Sussultai, pur realizzando che si trattasse di un'allucinazione nella quale, però, ravvisai un presagio nefasto. Non stavo sognando, ero sveglio e ben vigile poiché udii alcuni passi pesanti - di piedi calzati in armatura - avanzare sul lastricato che conduceva al roseto. Alzai gli occhi.

“Ti stai arrovellando, Aphrodite di Pisces?”

Perseo... mi dissi scrutando la figura del Santo d'Argento, la quale mi sovrastò stagliandosi contro il cielo al crepuscolo che avrebbe svelato le stelle più brillanti. Avrei dovuto indignarmi per il tono irriverente usato in mia presenza, ma poi d'un tratto ricordai di non essere sempre stato quello che sono: una volta ero Søren, un ragazzino emaciato cresciuto in un villaggio di pescatori nella fredda Svezia; non molto diverso dai Santi di rango inferiore le cui umili origini ci accomunavano. La discendenza divina rimaneva per me un concetto astratto da imputarsi più che altro a uno scherzo del destino.

“Non sono venuto a sorbire una tazza di tè.” Algol di Perseus mi distrasse, continuando a esprimersi con la solita supponenza, sebbene riuscissi a cogliere un'ironia amara in quelle parole anziché il vero e proprio intento di irridere.

Så vad vill du ha?” chiesi, deponendo lo specchio sul tavolo di pietra, e mi alzai in piedi per fronteggiarlo, mani sui fianchi. “Sono passati alcuni giorni da quando Libra ha lasciato il Grande Tempio ed è ovvio che, Athena e il Sommo, stiano ancora deliberando.”

“E secondo te quale sarà il responso?” pungolò con sarcasmo, inarcando le sopracciglia.

“Non ho la sfera di cristallo! Il consesso, mediante il quale i vertici si stanno premurando d'informare le varie Caste sull'accaduto, è ancora in corso e al termine, forse, avremo le risposte che cerchiamo” affermai, contenendo l'irritazione a malapena, ma Algol si accostò con le spalle vicino al muro con metà volto celato nell'ombra.

Lo studiai, perplesso: “Siete due persone che hanno poco in comune, tu e mio fratello.

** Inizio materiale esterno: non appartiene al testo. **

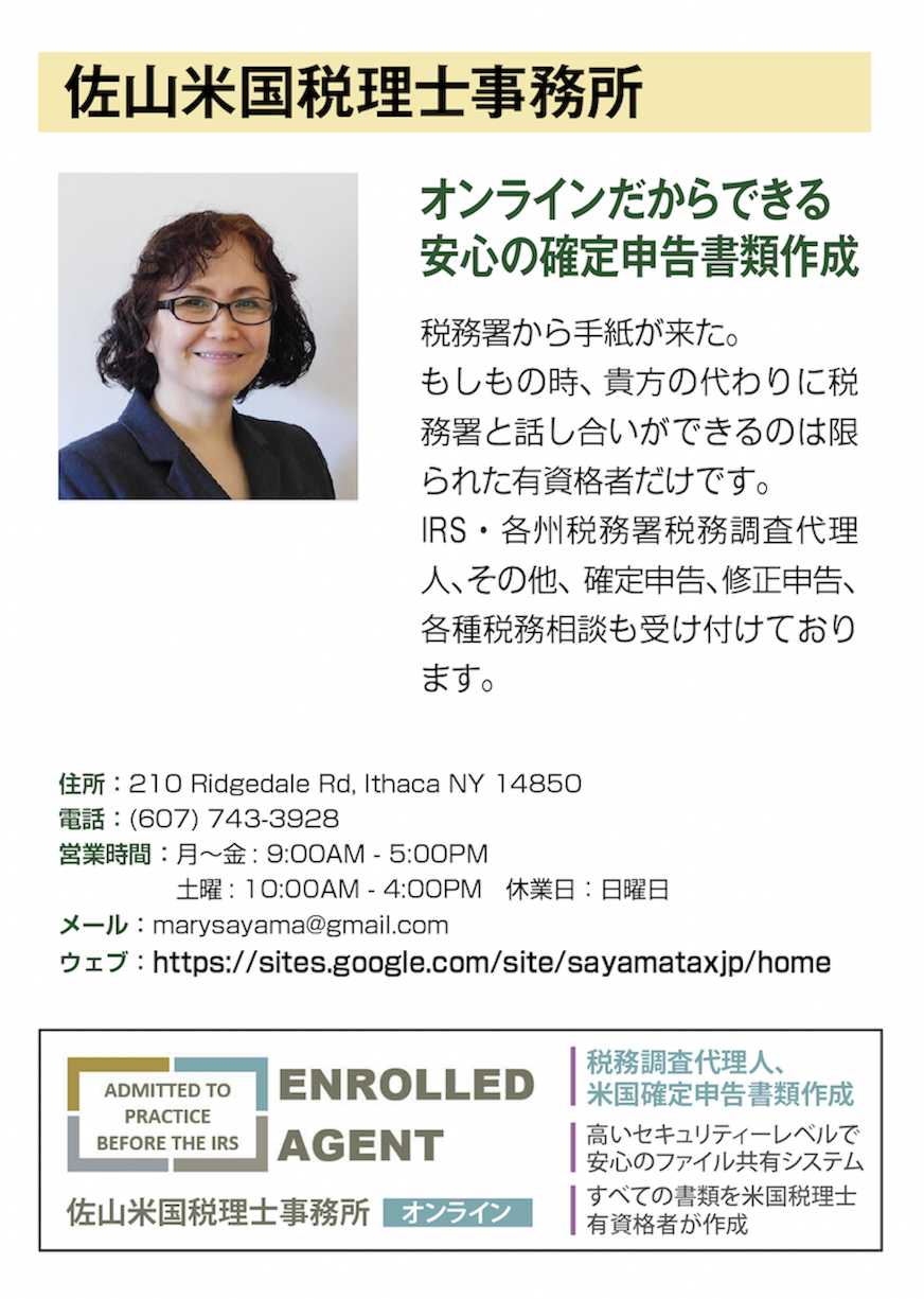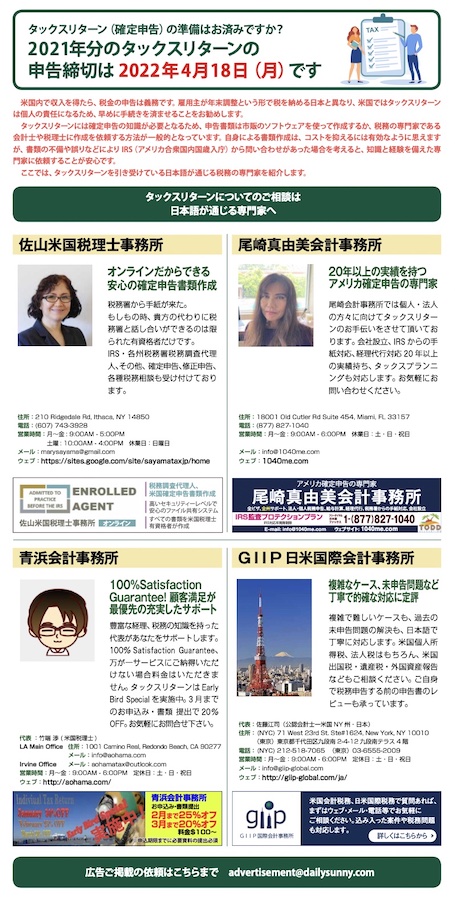 米国内で収入を得たら、税金の申告は義務です。雇用主が年末調整という形で税を納める日本と異なり、米国ではタックスリターンは個人の責任になるため、早めに手続きを済ませることをお勧めします。

Com'è nata la vostra amicizia, al di là del fatto di essere stati parigrado?” Ebbi il coraggio di domandargli infine, nel tentativo di eludere il discorso e accorciare le distanze tra noi.

“Uhm... poco in comune, dici?” atteggiò le labbra fini in un sorriso forzato, senza allegria. “Non direi. Tuttavia non siamo mai stati amici nella vita precedente, se ci tieni così tanto a saperlo, non c'è stato il tempo per instaurare rapporti che non fossero più che formali. C'era però un legame intrinseco, sotteso, di cui non parlavamo” rispose.

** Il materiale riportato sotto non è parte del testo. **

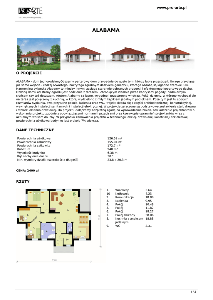 www.pro-arte.pl ALABAMA O PROJEKCIE ALABAMA - dom jednorodzinnyObszerny parterowy dom przypadnie do gustu tym, którzy lubią przestrzeń. Uwagę przyciąga już samo wejście - rodzaj otwartego, nakrytego zgrabnym daszkiem ganeczku, którego ozdobą są łagodne szerokie łuki. Harmonijna sylwetka Alabamy to między innymi zasługa starannie dobranych proporcji i efektownego kopertowego dachu. Ozdobą domu od strony ogrodu jest podcienie z tarasem , chroniącym idealnie przed kaprysami pogody: nadmiernym słońcem czy też deszczem. Atutem Alabamy są jasne, wygodne i przestronne wnętrza. Pokój dzienny, z którego wychodzi się na taras jest połączony z kuchnią, w której wydzielono z miłym kącikiem jadalnym pod oknem. Poza tym jest tu sporych rozmiarów sypialnia, dwa przytulne pokoje, łazienka oraz WC. Projekt składa się z części architektonicznej, konstrukcyjnej, wewnętrznych instalacji sanitarnych i instalacji elektrycznej. W projekcie załączone są podstawowe zestawienie stali, drewna i stolarki okienno-drzwiowej. Do projektu dołączamy bezpłatną zgodę na wprowadzenie zmian, oświadczenie projektantów o wykonaniu projektu zgodnie z obowiązującymi normami i przepisami oraz kserokopie uprawnień projektantów wraz z aktualnym wpisem do izby. W przypadku zamówienia projektu w technologii lekkiej, drewnianej konstrukcji szkieletowej, powierzchnia użytkowa budynku jest o około 7% większa. DANE TECHNICZNE Powierzchnia użytkowa Powierzchnia zabudowy Powierzchnia całkowita Kubatura Wysokość budynku Kąt nachylenia dachu Min. wymiary działki (szerokość x długość) 126.52 m² 155.04 m² 172.7 m² 940 m³ 6.38 m 30 ° 23.8 x 20.3 m CENA: 2400 zł RZUTY 1. 10 2. 3. 4. 5. 6. 7. 8. 9. Wiatrołap Kotłownia Komunikacja Łazienka Pokój Pokój Pokój Pokój dzienny Kuchnia z aneksem jadalnym WC 3.64 4.23 18.88 9.95 10.48 11.82 18.27 28.06 18.88 2.31 1/2 www.pro-arte.pl tel. (32) 43-50-829, 502 575 920, [email protected], www.pro-arte.pl 2/2 Powered by TCPDF (www.tcpdf.org)

Quegli occhi... mi voltai come incapace di sostenere a lungo il suo sguardo, osservando lo spicchio di sole che si eclissò definitivamente dietro la linea dell'orizzonte. Ricevetti così la conferma che Misty fosse attratto da ciò che vedeva in quegli occhi, e si dice che gli occhi siano specchio dell'anima. Uno sguardo distaccato, di primo acchito, estraneo a qualsiasi sentimento di compassione.

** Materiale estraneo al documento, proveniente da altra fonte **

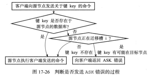 如果节点A正在迁移槽i至节点B,那么当节点A没能在自己的数据库中找到命令指定的数据库键时,节点A会向客户端返回一个ASK错误,指引客户端到节点B继续查找指定的数据库键。

“Lo molestavano per il suo aspetto, ma è intoccabile. Vanta un'irresistibile combinazione di fascino e forza” affermò, infrangendo il momentaneo silenzio, e dovetti annuire perché concordavo con la sua osservazione.

 

Udimmo i passi di alcuni Santi e il fragore metallico delle armature proveniva dal livello superiore. Mi voltai, accorrendo in prossimità della soglia della Casa da me custodita; il raduno doveva essere terminato e non vedevo l'ora d'interrogare i miei pari per sapere se le alte sfere fossero pervenute finalmente a conclusione. Algol mi aveva seguito, desideroso quanto me di apprendere qualcosa di definitivo in proposito.

Alcuni di loro procedettero oltrepassando l'atrio colonnato e il Dodicesimo Tempio, imboccando il sentiero scosceso di scale che conduceva ai Templi sottostanti inglobati dall'oscurità. I commilitoni che annoveravo tra gli amici più stretti si fermarono per scambiare qualche parola; notai anche Asterion, il Santo d'Argento del Segugio, il quale afferrò Algol di Perseus per un braccio, forse intenzionato a condurlo via.

“Credo che la loro decisione riguardi soprattutto me” esordii rivolgendomi a colui che figurava tra gli ex-commilitoni più affezionati di mio fratello.

“È di interesse comune” replicò Asterion.

“Il Sommo vorrebbe comunicarla di persona a te e ad Algol, dal momento che siete più o meno coinvolti nella vicenda e avete deciso di non prendere parte al dibattito, rimanendo all'esterno della Sala delle Udienze” soggiunse Saga, mentre Death Mask e Shura continuavano a tacere. Distinguevo appena i loro volti, la sera era calata in fretta ammantando il Santuario di cupe ombre, e le armature dei Santi baluginavano alla debole luce dei fuochi.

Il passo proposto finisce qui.